13. Ceanothus Linnaeus, Sp. Pl. 1: 195. 1753; Gen. Pl. ed. 5, 90. 1754.
[Greek keanothus, name used by Dioscorides for some spiny plant] [Greek keanothus, name used by Dioscorides for some spiny plant]
Clifford L. Schmidt†
Dieter H. Wilken
Shrubs, rarely arborescent, armed with thorns or unarmed; bud scales present. Leaves persistent or deciduous, alternate or opposite, sometimes fascicled on short shoots; blade not gland-dotted; pinnately veined or 3-veined from base (acrodromous). Inflorescences terminal or axillary, cymes aggregated into umbel-like clusters, or latter aggregated into racemelike or paniclelike thyrses; peduncles and pedicels not fleshy in fruit. Pedicels present. Flowers bisexual; hypanthium shallowly cupulate to hemispheric, less than 0.5 mm wide; sepals 5 (or (5–)6(–8) in C. jepsonii), usually incurved, sometimes becoming spreading, usually white to cream, blue, or purple, rarely pink, lanceolate to deltate, keeled adaxially; petals 5 (or (5–)6(–8) in C. jepsonii), usually white to cream, blue, or purple, rarely pink, hooded, spatulate or obovate, clawed; nectary fleshy, free from hypanthium; stamens 6(–8); ovary 1/2-inferior, 3-locular; styles 3 (sometimes 4 in C. jepsonii), connate basally. Fruits capsules, leathery exocarp sloughing off prior to dehiscence. x = 12.
Species 58 (51 in the flora): North America, Mexico, Central America (Costa Rica, Guatemala, Panama).

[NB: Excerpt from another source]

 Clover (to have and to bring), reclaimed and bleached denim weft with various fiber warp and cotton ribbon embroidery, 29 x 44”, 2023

Among the Ceanothus species found in the flora area, only three occur entirely east of the Rocky Mountains. Among the remaining species, a few of which are widespread in western North America, 42 are endemic to the California Floristic Province. Four species are entirely restricted to ultramafic (serpentine, gabbro) soils, while others occur on a diversity of substrates. Several widespread species are co-dominant shrubs in chaparral, or are important understory shrubs in woodlands and forests, especially in western North America. In addition to reproduction by seeds, many species of subgenus Ceanothus respond to fire by developing sprouts from the root crown, whereas all species in subgenus Cerastes reproduce strictly from seeds (F. I. Pugnaire et al. 2006). Many species form mycorrhizal associations (subterranean coralloid root clusters) with actinomycete symbionts (Frankia) and thus are capable of nitrogen fixation (S. L. Rose 1980; S. G. Conard et al. 1985).

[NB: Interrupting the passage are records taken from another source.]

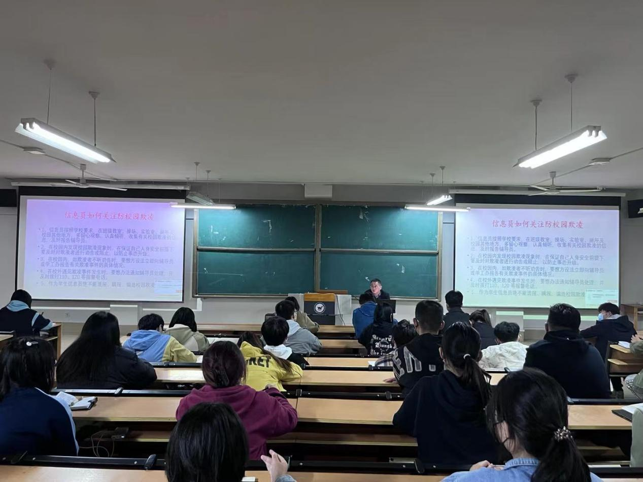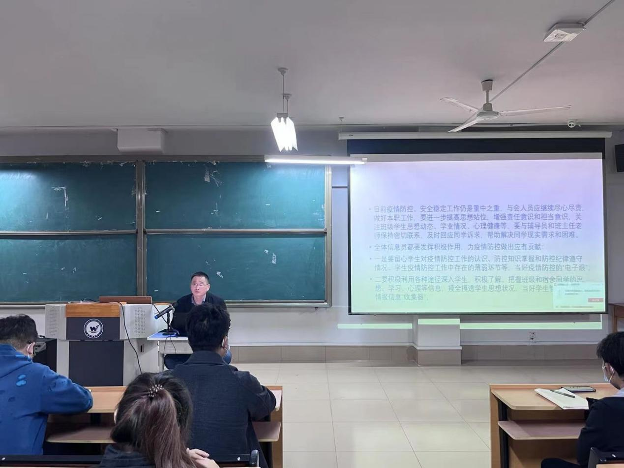 会议伊始,李书记强调了班长和团支书作为信息员,应协助辅导员掌握各班情况,接着,李书记从心理、防校园欺凌、疫情防控和网络舆情四个方面分别阐述信息员的职责,李书记强调,信息员应熟悉常见心理问题和症状,及时关注班级同学心理情况,密切注意校园欺凌情况,杜绝对校园欺凌事件的谎报、瞒报;同时,要求信息员要留意员工对于防疫工作的认识,提醒同学们注重网络安全,在互联网上谨言慎行。
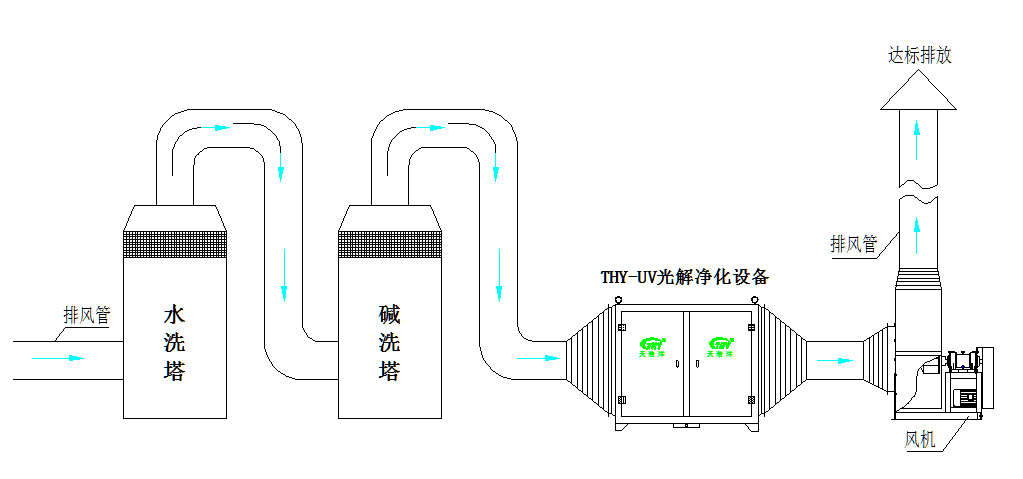 化工廢氣處理考慮運營成本及安全(quán)性,本(běn)方案工藝路線擬定(dìng)采用“通風係統(風機、收集(jí)罩、管道)+預處理係統(水(shuǐ)噴(pēn)淋塔+堿(jiǎn)洗塔)+核心淨(jìng)化係統(UV光解淨化設備)”來進行化工廢氣處理。工藝(yì)設備圖如下(xià):
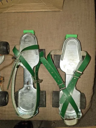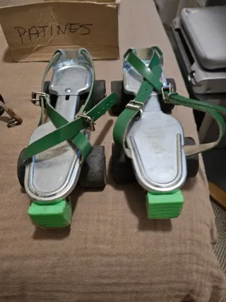 Perfectos para COLECIONISTAS Marca y Origen: Se puede ver claramente el logotipo de Sancheski grabado en la chapa metálica. La fábrica de Irún fue la cuna de estos patines que marcaron a varias generaciones en España. Modelo Evolucionado: Este par cuenta con correas de plástico verde y frenos delanteros (también de color verde), lo que indica que es un modelo posterior a los de correas de cuero marrón. Los frenos fueron una innovación importante para la seguridad y para realizar ciertas figuras de patinaje artístico. Estado: Se ven en un estado de conservación muy bueno. El metal brilla, ESCUCHO OFERTAS
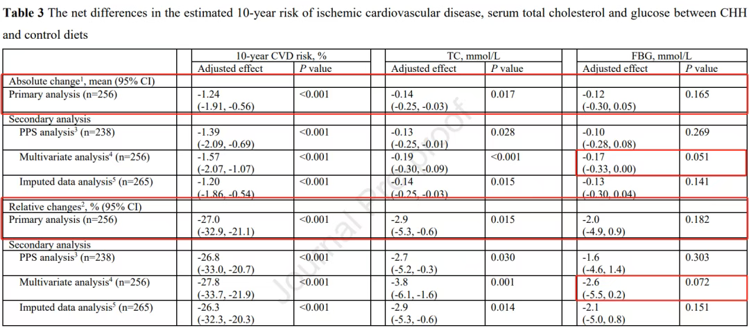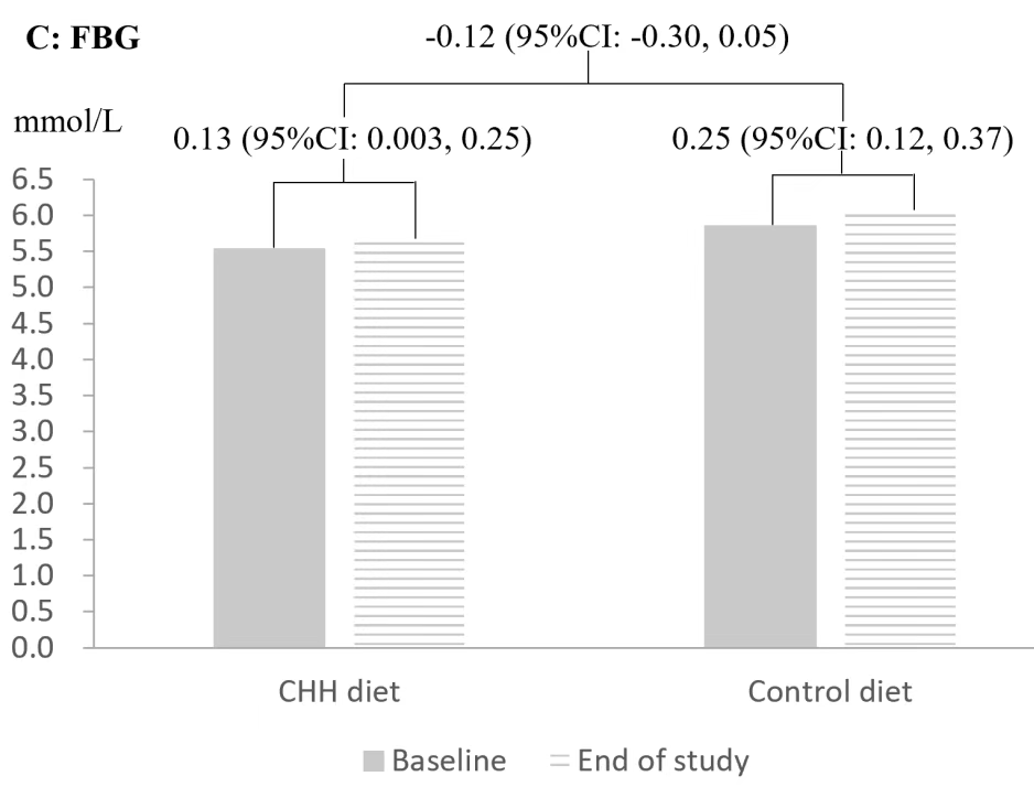 而与TC、估计10年CVD风险的变化相反,在干预结束时,CHH饮食组和常规饮食组的空腹血糖(FBG)水平均有所升高(绝对变化0.13 mmol/L vs. 0.25 mmol/L,相对变化3.2% vs. 5.1%,P均<0.05)。而两组之间绝对和相对变化差异无统计学意义。

Hybridization is widespread in the genus, with at least 44 interspecific combinations reported in the literature (H. McMinn 1944; D. Fross and D. H. Wilken 2006), resulting from a common diploid chromosome number of 2n = 24 and the absence of strong isolating mechanisms. At least one putative hybrid swarm has been documented to include four species, Ceanothus cuneatus, C. divergens, C. gloriosus, and C. sonomensis (J. T. Howell 1940; M. A. Nobs 1963). The widespread occurrence of some hybrids often contributes to difficulty in identifying specimens, and in some cases may have contributed to complex local and regional patterns of variation in flower color or leaf morphology. Most hybrids are between taxa within the same subgenus. Intersubgeneric hybrids are few, and characterized by high levels of sterility. Ceanothus is a popular source of horticultural cultivars, with over 200 named selections (Fross and Wilken). One of the first and most popular hybrids in the 1830s was C. ×delilianus Spach, which was developed in France from a cross between C. americanus (eastern North America) and C. caeruleus Lagasca (Mexico).
Some species and varieties of Ceanothus are considered difficult to identify. Some identification problems result from both local and geographical variation within species and intergradation following hybridization (M. Van Rensselaer and H. McMinn 1942; M. A. Nobs 1963). The dependence on both flower color and mature fruit morphology for accurate identification is exacerbated by a delay in fruit maturation following a short duration of flowering. Careful attention to life form, flower color, and fruit morphology is critical to identification. Knowledge of geographic distribution and edaphic substrate preference, especially in the California Floristic Province, can be helpful in determining a number of species.
In the keys and descriptions that follow, tooth number is per leaf.
SELECTED REFERENCES Fross, D. and D. H. Wilken. 2006. Ceanothus. Portland. Nobs, M. A. 1963. Experimental studies on species relationships in Ceanothus. Publ. Carnegie Inst. Wash. 623. Van Rensselaer, M. and H. McMinn. 1942. Ceanothus. Santa Barbara.